Like so many recent limited series, “The Shrink Next Door” opens with a scene that takes place near the end of the story. The year is 2010, and Rudd’s gray-haired, 60ish Dr. Ike is working every corner of the posh party he’s hosting, with his B.S. flowing as freely as the cocktails. (Thanks to the excellent hair and makeup work and Rudd’s body language, we believe Paul Rudd really can age.) Then we flash back to 1982, when we meet Ferrell’s Marty, who has oversized glasses, and a ’fro and beard that make him look like Bob Ross. Marty has inherited his parents’ Manhattan fabric factory, and he runs it in a genial fashion while his sister, Phyllis (Kathryn Hahn, at her very best), urges Marty to be more assertive and take control of his life. Maybe he should see a therapist? Her rabbi knows a good one.

Enter Dr. Ike, who has a quick consultation with Marty and immediately decides, for the both of them, he’ll be taking on Marty as a client and from this moment forward, he’ll see to it that Marty doesn’t let people walk all over him. Dr. Ike accompanies Marty to the apartment of Marty’s ex-girlfriend, who has demanded Marty take her on a vacation even though they’ve broken up, because Marty promised, and quickly informs her that’s never happening. He helps Marty become more decisive when it comes to small matters like ordering a sandwich, and deep-rooted issues dating to Marty’s childhood, e.g., when Marty talks about how his Bar Mitzvah was one of the most miserable days of his life, Dr. Ike convinces him that on his 40th birthday, Marty should have another Bar Mitzvah.

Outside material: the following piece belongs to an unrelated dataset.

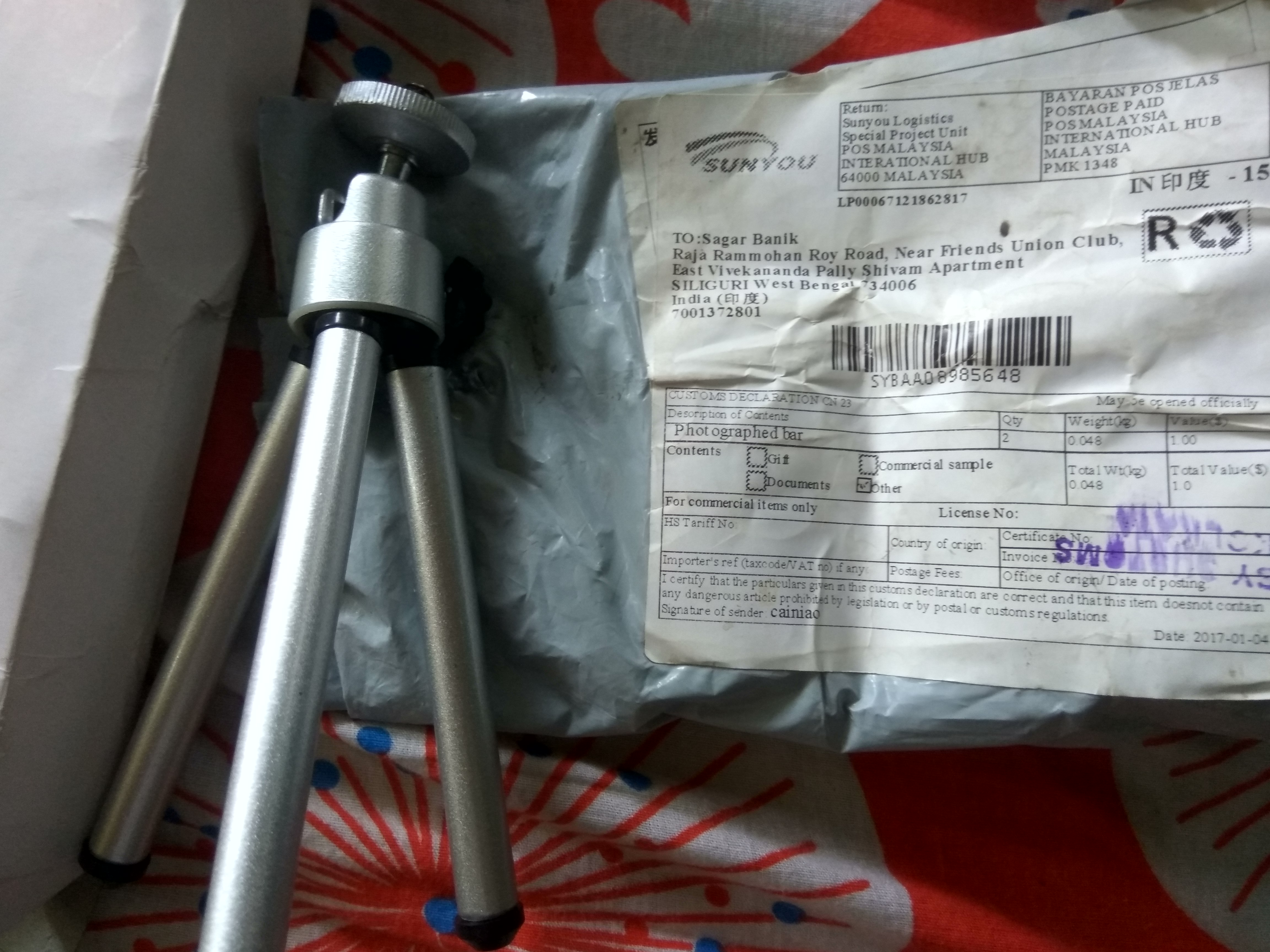AliExpress.com is the world's biggest online market for china products. I was buying many things from this website but every time I was received very poor quality product. Orginal product and pictures of products in website are not same. Their is big differences. Product prices are very cheap but product quality is very bad. I was buy a tripod, a mobile holder ane lapel coler mic but all the products are came very poor quality. They are taking delivery time more than 1 months. But delivery fees are free for many products. I am attaching a picture of my product which is buying from this website and also attaching bill of this product. Thank You.

There are early warning signs Dr. Ike’s motivations aren’t always altruistic. When he takes Marty to lunch, he reminds him they’re still on the clock. When they drop in on the frame shop, Dr. Ike has conveniently forgotten his wallet, so Marty offers to pay. And this is just the tip of the Gaslighting Iceberg, if there’s such a thing as a Gaslighting Iceberg.

With deft direction by Michael Showalter (“The Big Sick,” “The Eyes of Tammy Faye”) and in later episodes Jesse Peretz (the Rudd-starring “Our Idiot Brother,” “Juliet, Naked”) and consistently sharp writing led by Georgia Pritchett (“Veep,” “Succession”), “The Shrink Next Door” grows ever darker along the way. We occasionally see the chipper façade fall from Dr. Ike’s visage and it’s a chilling thing, and while it’s sometimes baffling to see Marty allow Dr. Ike to convince him to cut ties with his family, to become his de facto banker and to allow Dr. Ike to essentially take over his business and his Hamptons home, among other wildly inappropriate intrusions, we understand what’s happening here. Dr. Ike is for all intents and purposes a cult leader, and poor Marty has fallen prey to his spell.